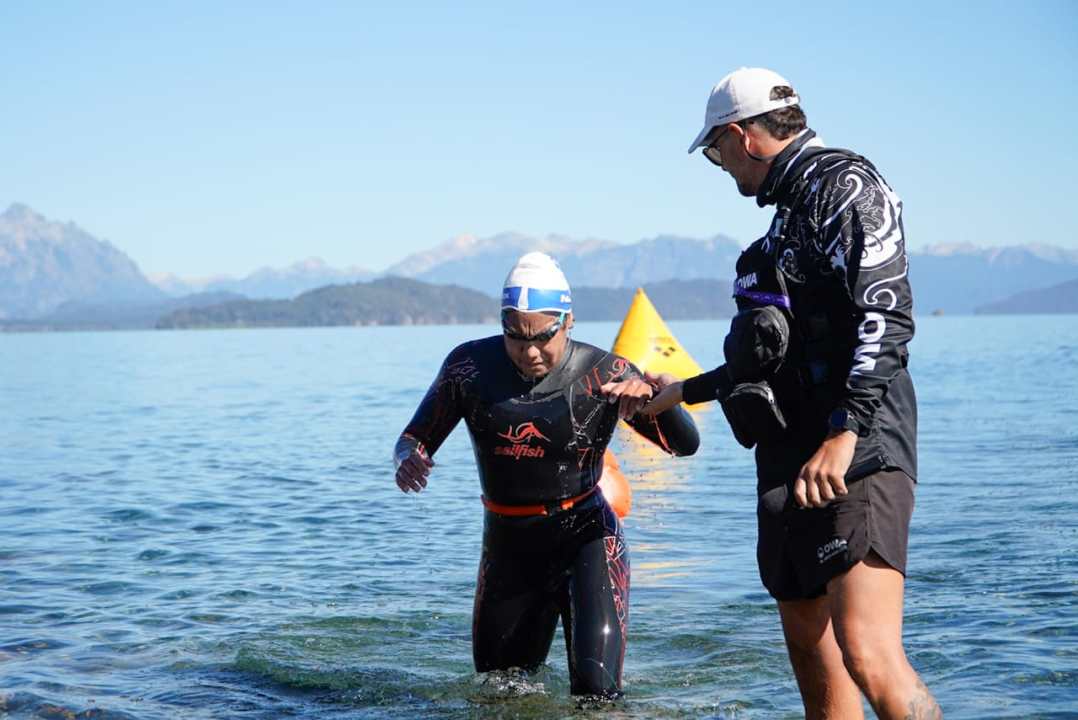 Junto a Gustavo nadaron otros 34 competidores que salieron en grupos desde la costa opuesta del lago y la mejor marca la hizo una local: Mayte Puca, una nadadora profesional de aguas abiertas que también tuvo su propio desafío porque debutó en el cruce del lago que la vio crecer.
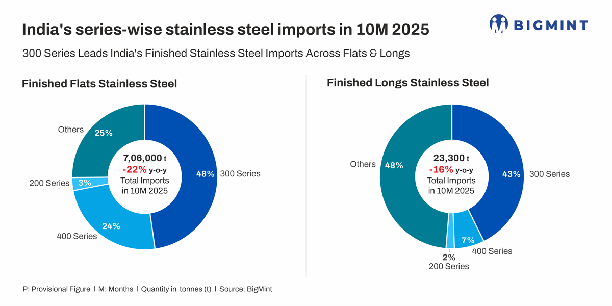 300-series flats imports grew 14% y-o-y to 0.33 mnt from 0.29 during the review period last year supported by steady demand from process industries and high-end applications. In contrast, 400-series imports fell sharply by 29% y-o-y to 0.17 mnt. 200-series flats remained relatively stable with a mild 3% decline at 20,000 t, while other grades corrected significantly due to shifts in sourcing patterns and reduced import dependency.
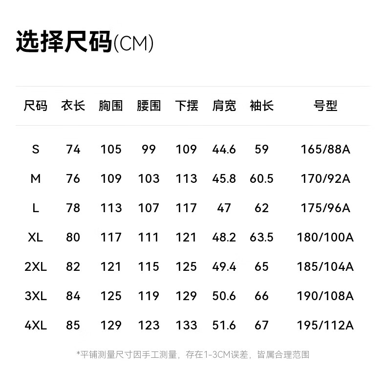 China (cm) 165 / 88-90 170 / 96-98 175 / 108-110 180 / 118-122 185 / 126-130
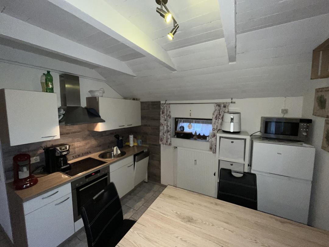 Der Wohn- und Essbereich ist offen gestaltet und schafft mit sichtbaren Deckenbalken und heller Holzverkleidung eine freundliche Atmosphäre. Eine komfortable Sofaecke mit TV lädt zu entspannten Abenden ein. Die integrierte Küche ist modern ausgestattet und verfügt über Cerankochfeld, Backofen, Dunstabzug, Kaffeemaschine, Wasserkocher, Mikrowelle sowie Kühl-Gefrierkombination. Ein Essplatz mit Blick in den Garten ergänzt den Wohnbereich.

## [What is required]
Starting at the line that holds "China (cm) 165", reproduce each line through the last one of the listing, and nothing more; the pictures stay out.

## [Reply]
 China (cm) 165 / 88-90 170 / 96-98 175 / 108-110 180 / 118-122 185 / 126-130
 Der Wohn- und Essbereich ist offen gestaltet und schafft mit sichtbaren Deckenbalken und heller Holzverkleidung eine freundliche Atmosphäre. Eine komfortable Sofaecke mit TV lädt zu entspannten Abenden ein. Die integrierte Küche ist modern ausgestattet und verfügt über Cerankochfeld, Backofen, Dunstabzug, Kaffeemaschine, Wasserkocher, Mikrowelle sowie Kühl-Gefrierkombination. Ein Essplatz mit Blick in den Garten ergänzt den Wohnbereich.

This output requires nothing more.